Insight

What is the Difference between VantageScore 4.0 and Classic FICO Scores?

October 14, 2025

VantageScore 4.0 and the Classic FICO® scoring models use different criteria to calculate consumer credit scores. While both consumer credit scores use a 300-to-850 score range and evaluate similar information from consumer credit reports, they differ in how they weigh certain factors and what data they include.

Using industry standard measures to assess predictive value, VantageScore 4.0 consistently outperforms benchmark models. VantageScore 4.0's predictive performance power and default identification remain consistent, stable, and superior, no matter the method of mortgage credit score aggregation for the tri-merge. Additionally, VantageScore 4.0 enables lenders to increase financial inclusion by accurately assessing approximately 33 million more consumers than other commercially available credit score models.

According to Dr. Andrada Pacheco, EVP and Chief Data Scientist at VantageScore, “Even when using the "tri-merge median" method (middle of the three bureau scores comparison), VantageScore 4.0 still outperforms Classic FICO for high-risk loans entering the stress environment of the pandemic (2019 originations with FICO ≤ 720), capturing a relative 8.1% more defaults in the riskiest decile, with a +40.8% lift in Gini value and +34% lift in KS test. This is clear evidence that the VantageScore 4.0 model better isolates high-risk borrowers ahead of the pandemic.
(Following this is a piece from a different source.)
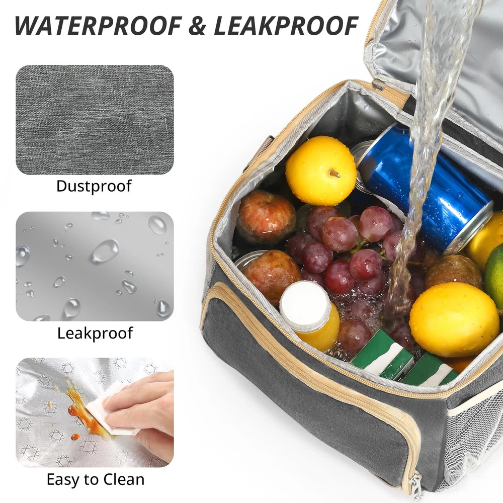 Insulated Lunch Box for Men Women Double Deck Lunch Bag for Men Waterproof Freezable Lunch Cooler Bag for Office Work Picnic with Adjustable Shoulder Strap Grey 🛒 Product Overview 💼 Features 【16L LARGE CAPACITY】: With dimensions of 10.6x7.9x11.8 inches, this large lunch box for men heavy duty has ample space for multiple meals or up to 24 cola cans. Its dual-deck design lets you separate hot and cold foods, ideal for busy men and women who want to keep their meals, beer, drinks, and fruits organized and balanced throughout the day. The front zip pocket and side mesh pockets of mens lunchbox for work offer additional storage space for a water bottle, phone charger, utensils, and more. 【PORTABLE LUNCH BOX】: Take your meals, snackes and drinks anywhere effortlessly with Insulated Lunch Box for men. Featuring an adjustable shoulder strap and a soft PU leather handle, you can carry it as a messenger bag, shoulder bag, or handbag. Perfect for work, office, picnics,camping, hicking, beach, and short trips. 【SUOERIOR INSULATION】:Advanced 6mm PEVA foam of lunch box for adults keeps your food hot for 6 hours or cold for 10 hours, so your food stay fresh and delicious all day, whether you're at work or on a picnic. The large lunch bags for men keeps food and drinks cool all day if you put an icepack in it. 【WATERPROOF & LEAKPROOF】: Never worry about spills again. The meal prep lunch bag features a 100% waterproof and leakproof interior lining, preventing any messes in your bag or car. The heat-sealed lining of cooler bag for women is easy to wipe clean with a cloth, maintaining hygiene and convenience. 【VERSATILE AND PRACTICAL】: The wide opening and two-way zipper of the construction lunch box for men allow for easy access. Perfect for various occasions, the lunch box for women men is great for work, picnics,family travel, camping, making it a versatile companion for your daily adventures. Perfect gifts for husband, wife, boyfriend, girlfriend, father, mother, birthdays, Christmas, and more! 🎯 Customer Favorites Our customers love this product because of its unmatched quality, innovative design, and outstanding value. Join them in making a smart purchase! 💳 Payment Policy We accept payments through PayPal and all major credit cards for a secure and convenient transaction experience. In case of any issues with the payment process, don’t hesitate to contact us through eBay messages, and we’ll be happy to assist you. 🚚 Delivery & Shipping We ship directly to your verified address on eBay. Orders are processed within 1-2 business days. Standard shipping typically takes 3-7 business days. Please contact us if there are any issues. 🔄 Return Policy Enjoy a 30-day return policy. Items must be returned in their original packaging and condition. Refunds will be issued promptly upon receipt of the return. 💬 Contact Us Have questions? Reach out to us via eBay messages. We're here to help you with any inquiries!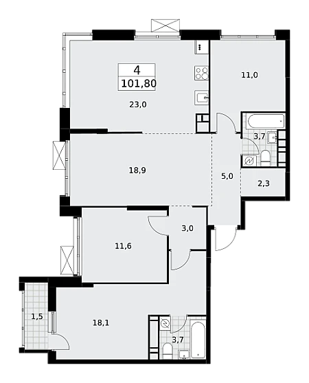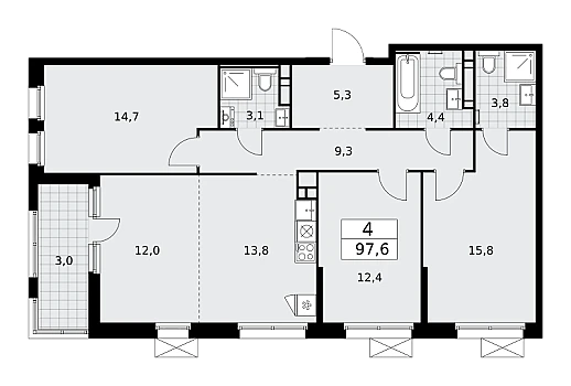Купить 4к квартиру 92 м² в ЖК Мираполис

This also underlies our conclusion that the VantageScore 4.0's model performance and not the aggregation formula for the tri-merge drives the superior VantageScore outcome.”

To promote credit scoring competition and support consumers and the Mortgage industry, Equifax has announced that they will offer VantageScore® 4.0 mortgage credit scores at an over 50% reduction from FICO score 2026 prices, or $4.50, through the end of 2027. Equifax will also offer free VantageScore 4.0 credit scores to all Equifax mortgage, automotive, card, and consumer finance customers who purchase FICO scores from Equifax through the end of 2026. 

The key differences between VantageScore 4.0 and Classic FICO scores include:

  • Credit History Requirements: VantageScore 4.0 can generate a score with as little as one month of credit history and can also use "trended data" and "alternative data," such as rent, utility, and telecom payments, to enhance the assessment of creditworthiness. It was the first credit score to incorporate these factors, with a goal of expanding access to credit for millions more Americans. Classic FICO typically requires at least six months of credit history with an active account. 

  • Data Analysis: VantageScore 4.0 uses trended credit data, which reflects changes in credit data over time, instead of relying on the static, point-in-time credit history records leveraged by conventional FICO credit scores. These deeper insights have proven to provide a 20% lift in originations without adding incremental risk – enabling greater mainstream financial opportunities for more people. Classic FICO provides more of a snapshot of an individual’s credit utilization at a specific point in time.

  • Collection Accounts: VantageScore 4.0 does not factor in paid collection accounts and ignores unpaid medical collections. Classic FICO may ignore paid collections and also disregards smaller collection accounts with an original balance under $100.

  • Hard Inquiries: Both models have a grace period for multiple hard inquiries for the same type of loan, counting them as a single inquiry. The grace periods differ, with Classic FICO using a 45-day window for auto, student, and mortgage loan inquiries, while VantageScore 4.0 uses a 14-day window and applies it to more types of credit, including credit cards.

VantageScore is the fastest growing credit scoring company in the U.S., developing the industry's most innovative, predictive, and inclusive credit score models. More than 3,700 institutions, including nine of the top 10 U.S. banks, use VantageScore credit scores to provide consumer credit products like credit cards, auto loans, personal loans and mortgages. By providing a fair and accurate credit score to a broader population, VantageScore creates opportunities for lenders to extend credit safely and soundly to consumers historically underserved by legacy processes.

There are many differences between VantageScore credit scores and FICO® credit scores, and each companies' various credit scoring models. Equifax encourages all consumers to understand how credit scores are calculated as well as monitor their credit regularly. 

FORWARD-LOOKING STATEMENTS

This article contains certain forward-looking information to help you understand Equifax and its business environment. All statements that address operating performance and events or developments that we expect or anticipate will occur in the future, including statements relating to the pricing strategies, potential benefits and value propositions of product offerings of Equifax and its competitors, are forward-looking statements. We believe these forward-looking statements are reasonable as and when made. However, forward-looking statements are subject to risks and uncertainties that could cause actual results to differ materially from our historical experience and our present expectations or projections. These risks and uncertainties include, but are not limited to, those described in our 2024 Form 10-K and subsequent SEC filings. As a result of such risks and uncertainties, we urge you not to place undue reliance on any forward-looking statements. Forward-looking statements speak only as of the date when made. We undertake no obligation to publicly update or revise any forward-looking statements, whether as a result of new information, future events or otherwise, except as required by law.